#y=tanx^(cot(x/2))#.
Taking natural log, #lny=ln{tanx^(cot(x/2))}, i.e.,#
#lny=cot(x/2)lntanx#.
Diff.ing w.r.t. #x#,
#d/dxlny=d/dx{cot(x/2)lntanx}......(star)#.
Here, by the Chain Rule,
#d/dxlny=d/dylny*dy/dx=1/y*dy/dx...................(star^1)#.
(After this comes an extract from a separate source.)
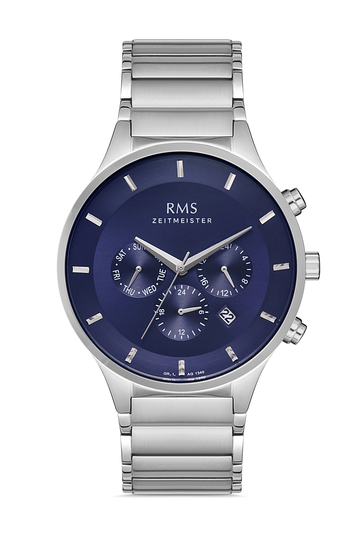 Erkek - Multi̇ Fonksi̇yon - Gümüş - Mavi̇ - Paslanmaz Masi̇f Çeli̇k - 3 Atm - Sertleşti̇ri̇lmi̇ş Mi̇neral Cam - Grand Romanson

Next, using the Product Rule, we have,
# d/dx{cot(x/2)lntanx}#,
#=cot(x/2)*d/dxlntanx+lntanx*d/dxcot(x/2)#,
#=cot(x/2)*1/tanx*d/dxtanx+(lntanx){-csc^2(x/2)}*d/dx(x/2)#,
#=cot(x/2)*1/tanx*sec^2x-1/2*csc^2(x/2)*lntanx#,
#=cot(x/2)*(1+tan^2x)/tanx-1/2csc^2(x/2)lntanx#,
#=cot(x/2)(1/tanx+tan^2x/tanx)-1/2csc^2(x/2)lntanx#,
#=cot(x/2)(cotx+tanx)-1/2csc^2(x/2)lntanx.............(star^2)#.
Utilising #(star^1) and (star^2)" in "(star)#, we have,
#dy/dx=y{cot(x/2)(cotx+tanx)-1/2csc^2(x/2)lntanx}, or, #
#dy/dx=tanx^(cot(x/2)){cot(x/2)(cotx+tanx)-1/2csc^2(x/2)lntanx}#.